Specific beats clever
'We deliver world-class digital experiences' means nothing. 'We build fast websites for UK trades — most launched in 3 weeks, from £1,500' means everything. Numbers, dates, prices, guarantees. Specifics build trust.
One idea per paragraph
Web readers scan first, read second. Short paragraphs (2–3 sentences max), one idea each, plenty of white space. If a paragraph runs longer than 4 lines on mobile, cut it in two.

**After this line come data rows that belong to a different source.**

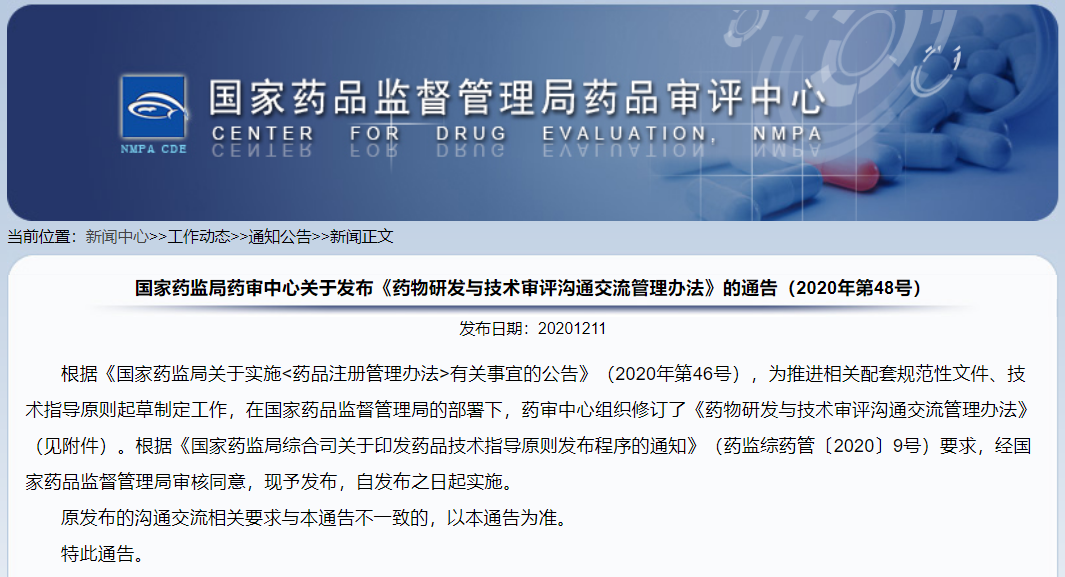 關于發布《藥物研發與技術審評溝通交流管理辦法》的通告(2020年第48號)
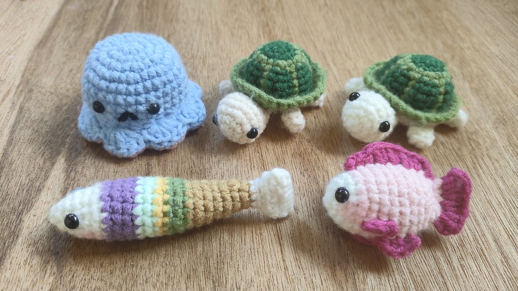 填充棉花。可钩织两个并在鱼嘴巴加入磁铁,做成情侣鱼。也可装入吱吱叫气囊,一捏发出响声,增加趣味性。
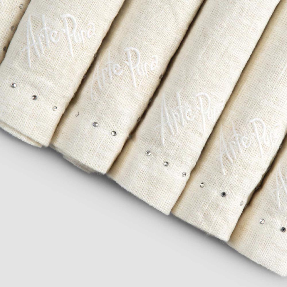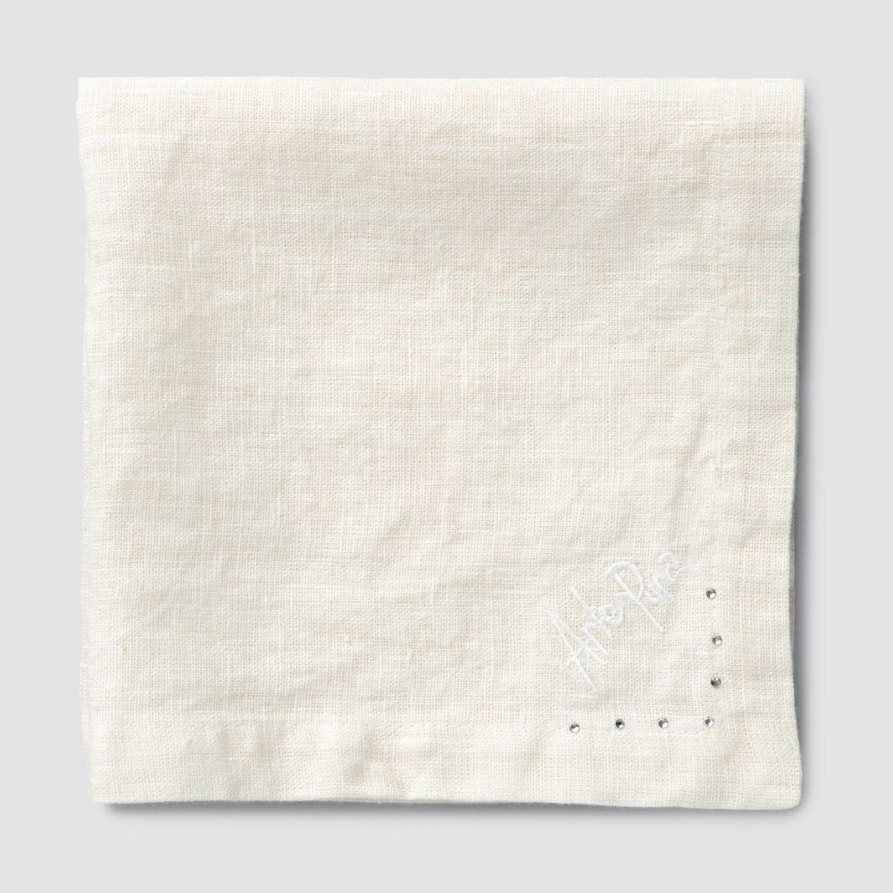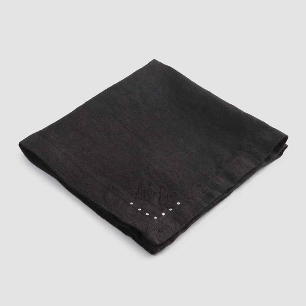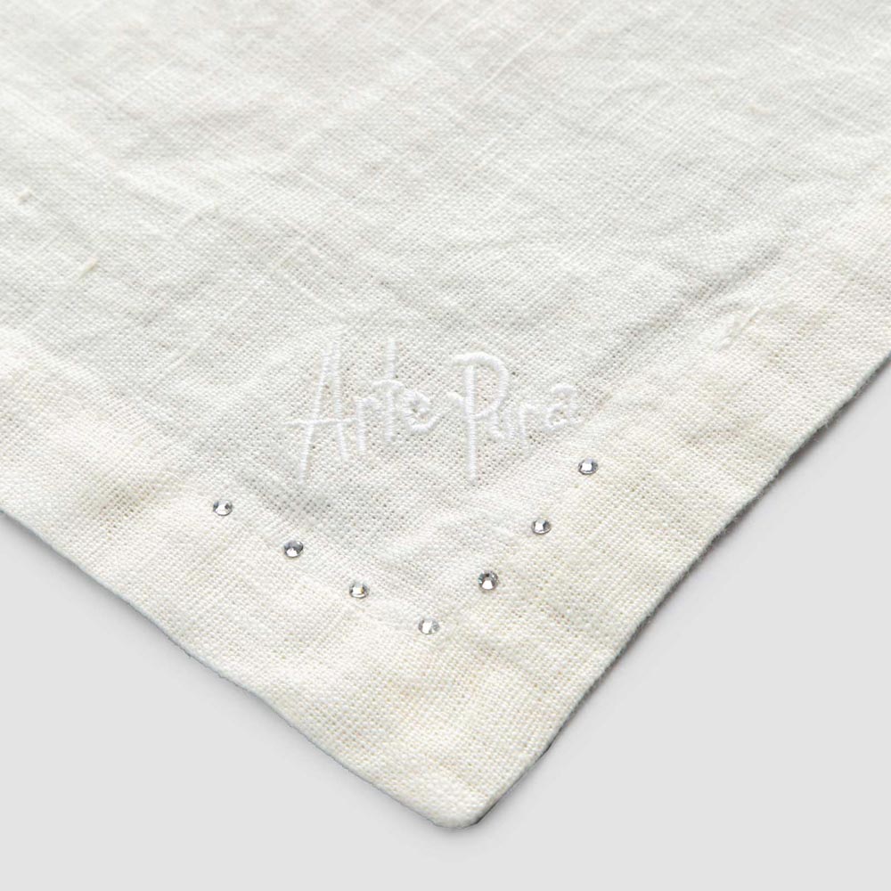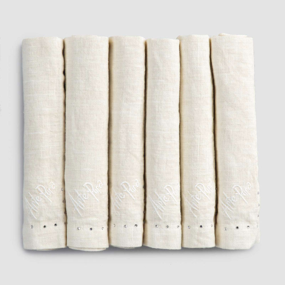 Servizio di tovaglioli in lino nero o burro con cristalli, 6 pezzi di lusso made in Italy.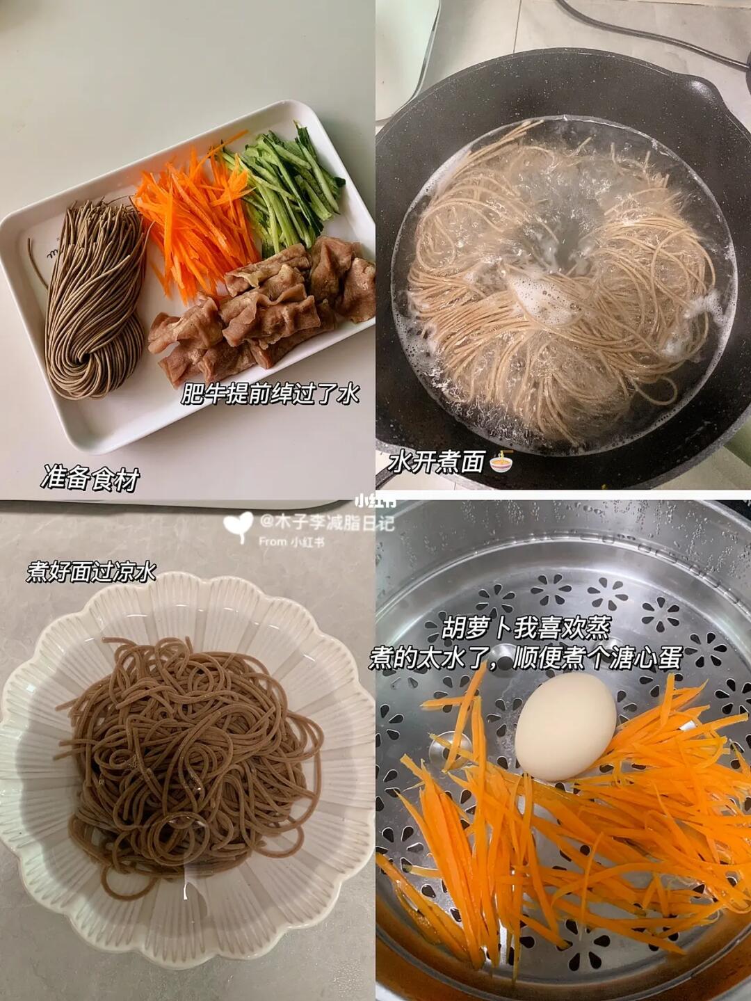 水开下荞麦面,煮熟过凉水!肥牛放料酒,姜片绰水,面放碗底码上黄瓜丝,胡萝卜丝~倒入酱汁~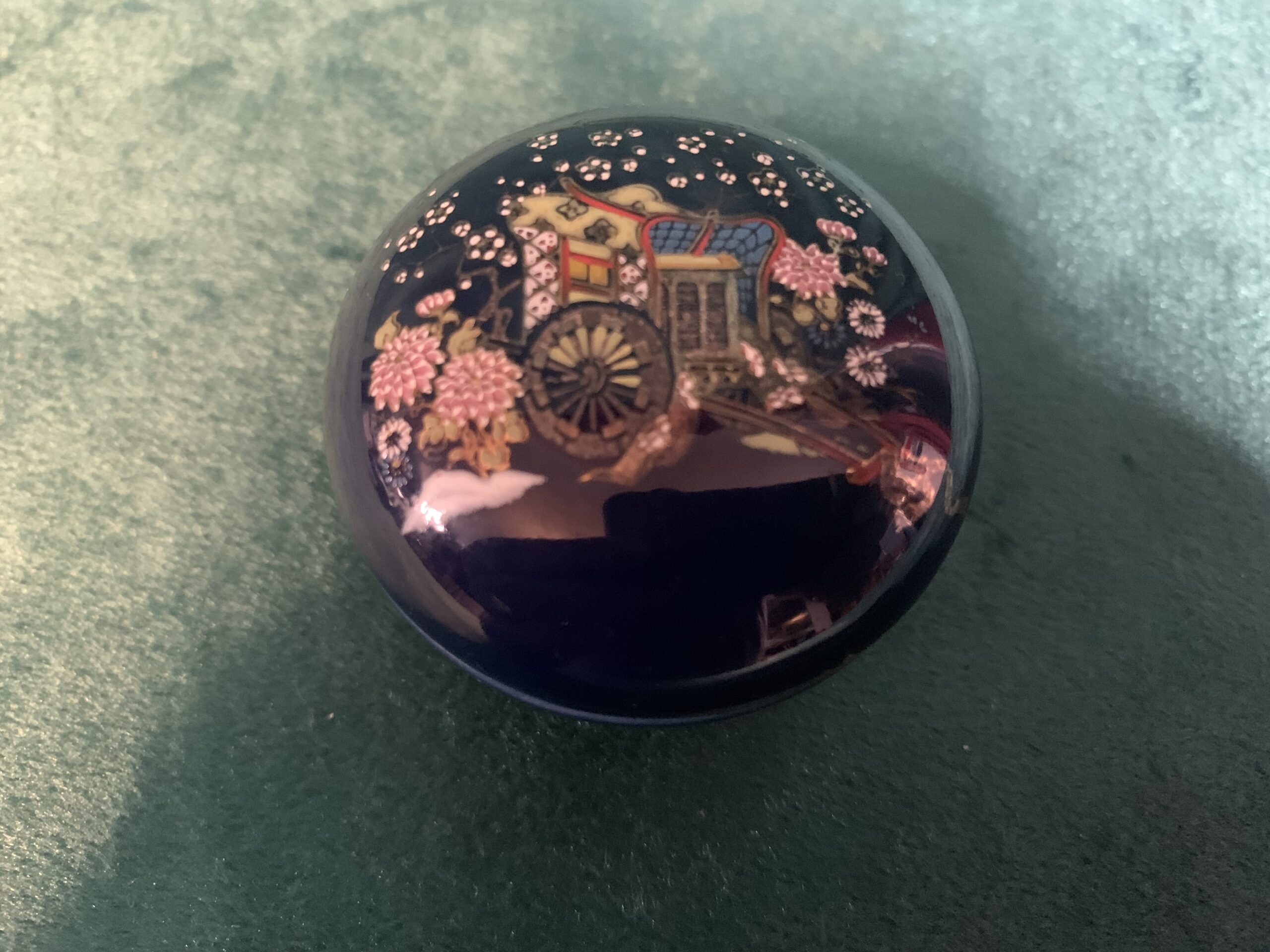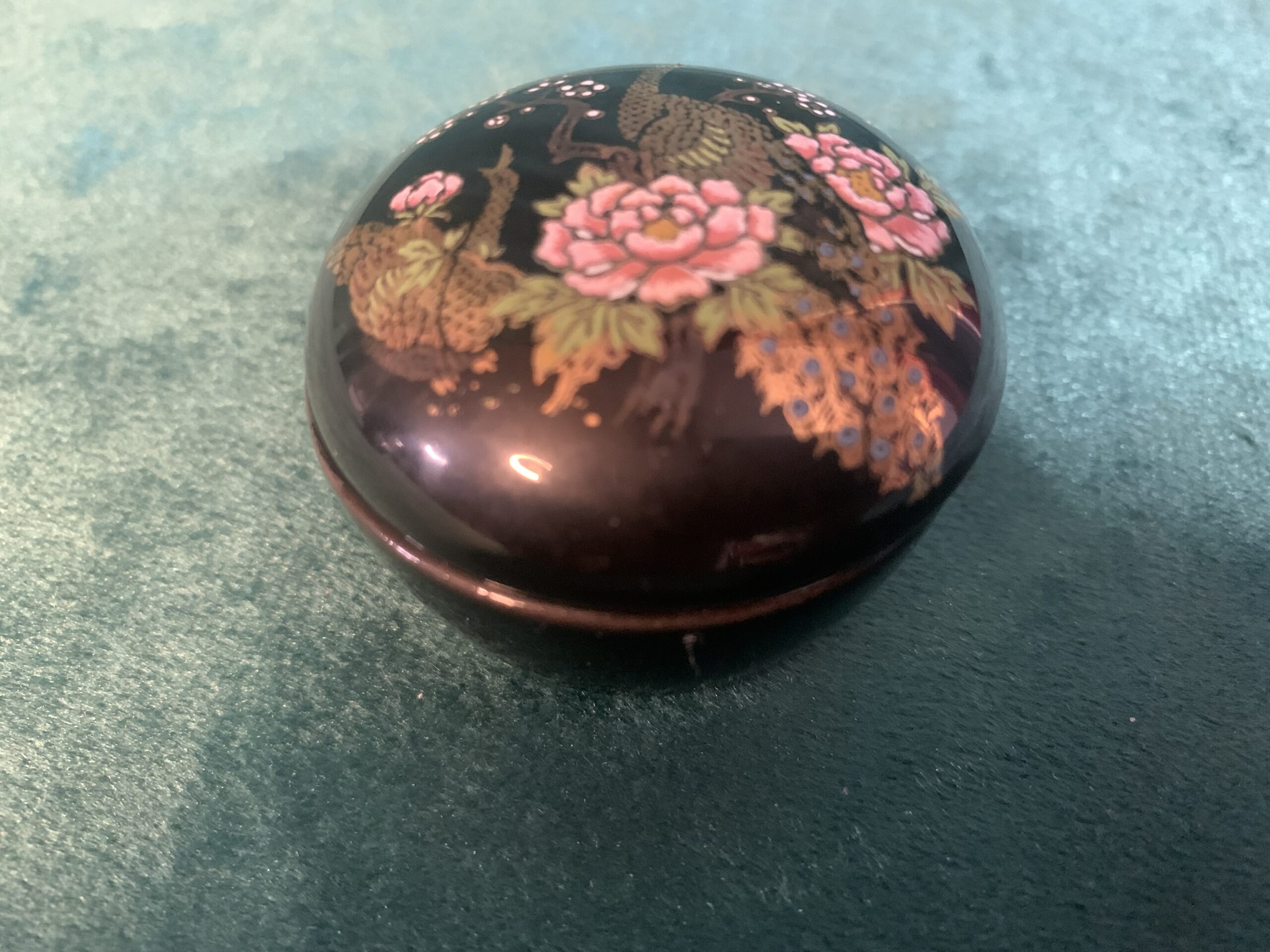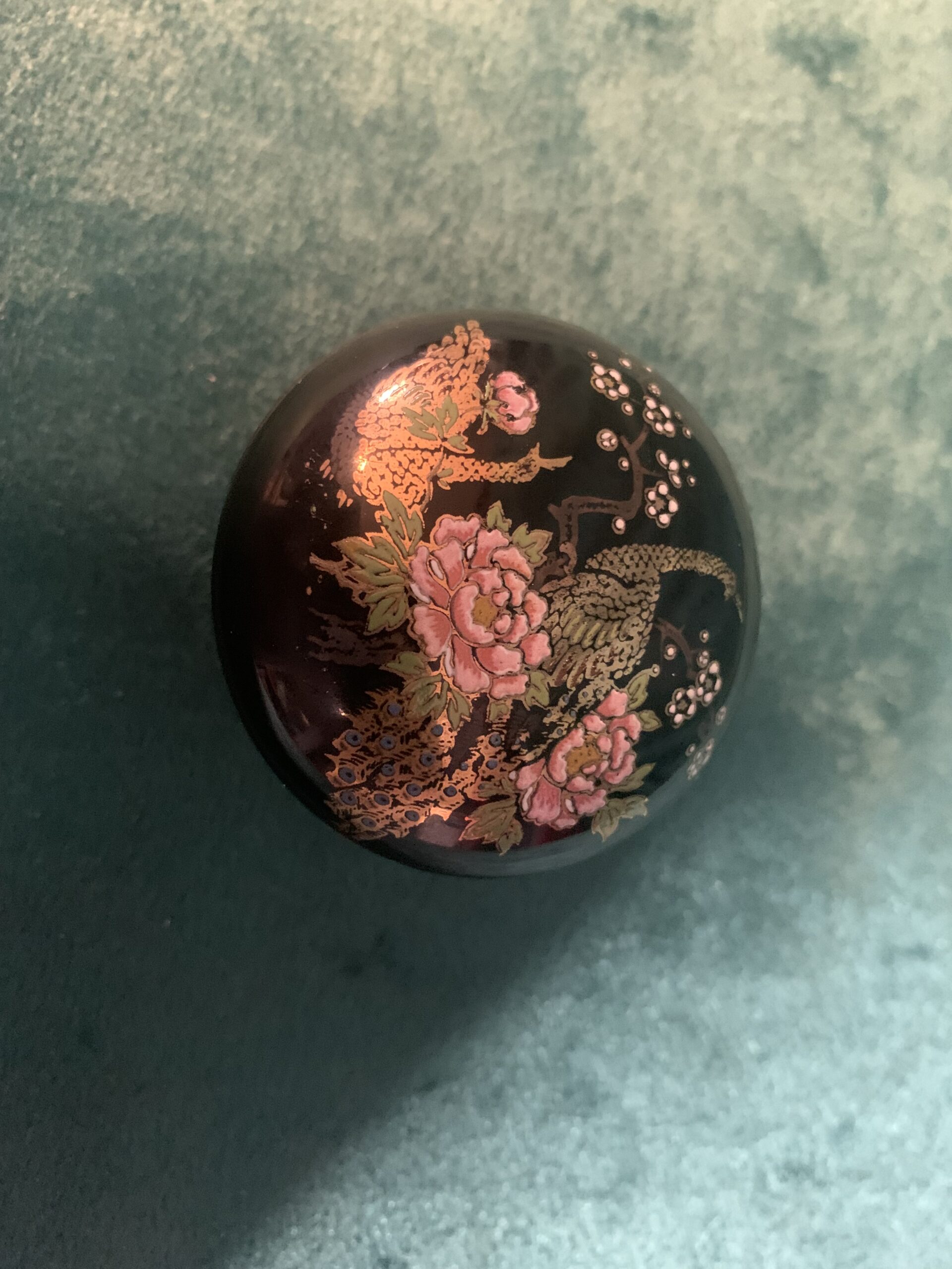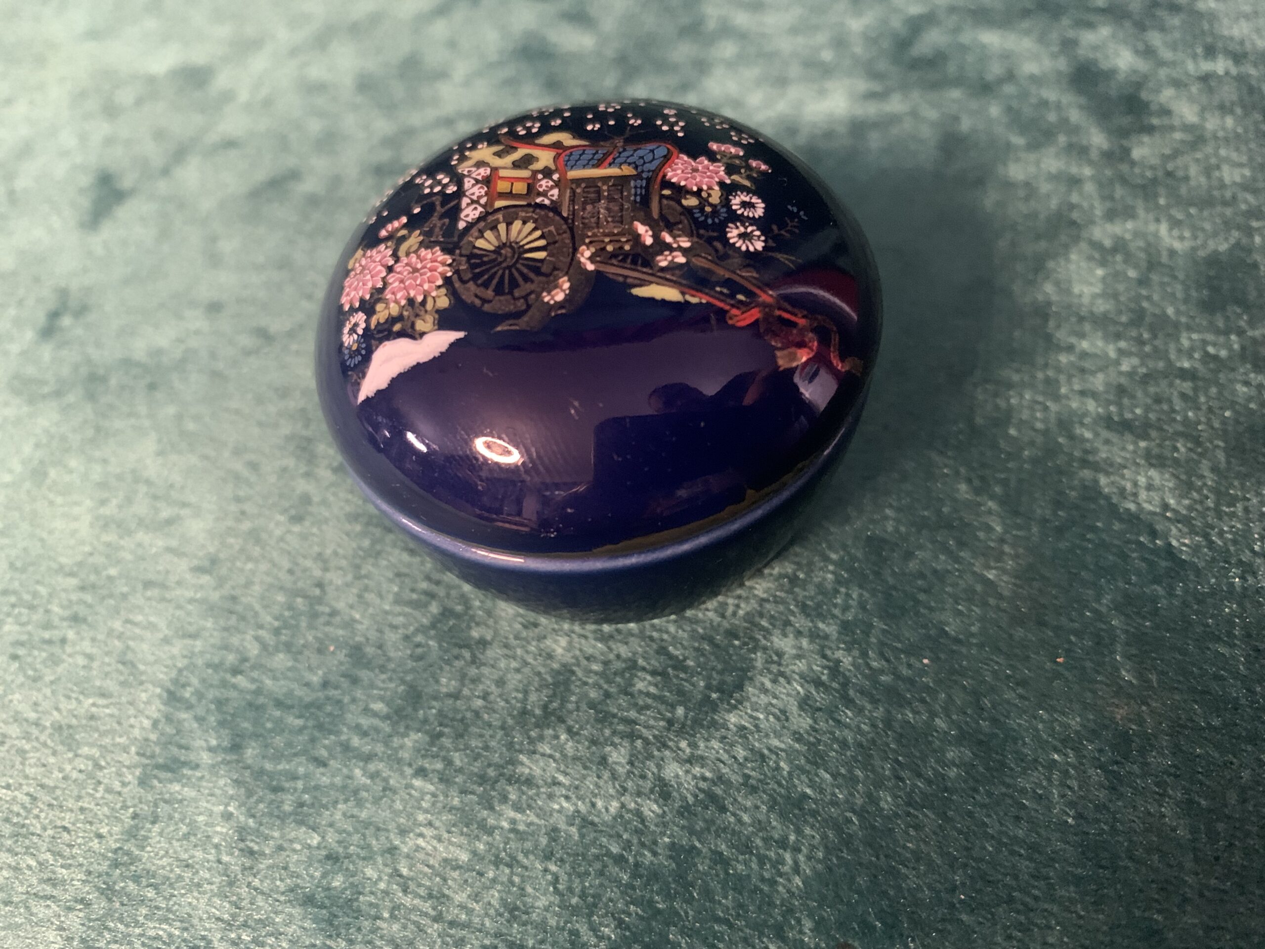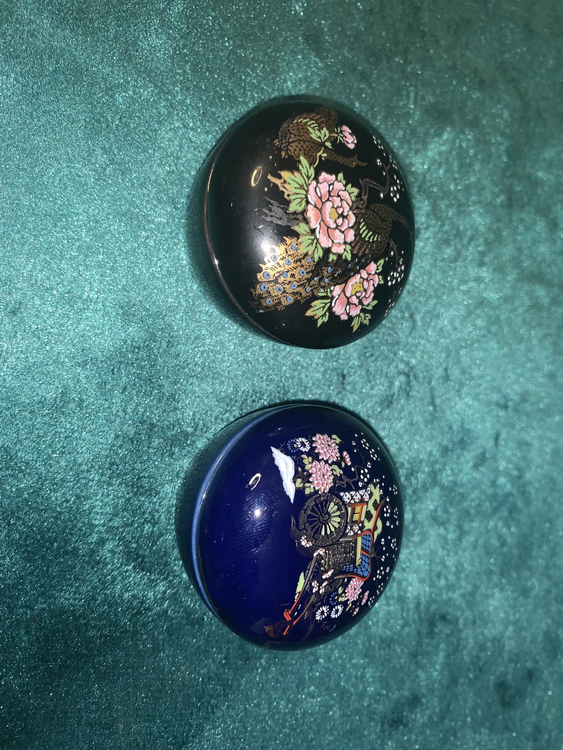 PAREJA DE ALHAJEROS EN PORCELANA JAPONESA PINTADO A MANO, pareja de alhajeros, de forma circular, originarios de Japón, fabricados en porcelana de gran calidad, pintados a mano en policromía con escenas de aves y cotidianas, mediados del siglo XX.

Calls to action that sound human
'Submit' is not a call to action. Neither is 'Learn More'. Say what happens next: 'Get my free quote', 'Book my consultation', 'See the pricing'. First person ('my') consistently outperforms second person ('your').
Objection-handling copy
Every service page should answer the questions in the customer's head before they have to ask: How much? How long? What if I don't like it? Who else uses you? What happens after I buy? Bury these in the copy and your conversion rate quietly doubles.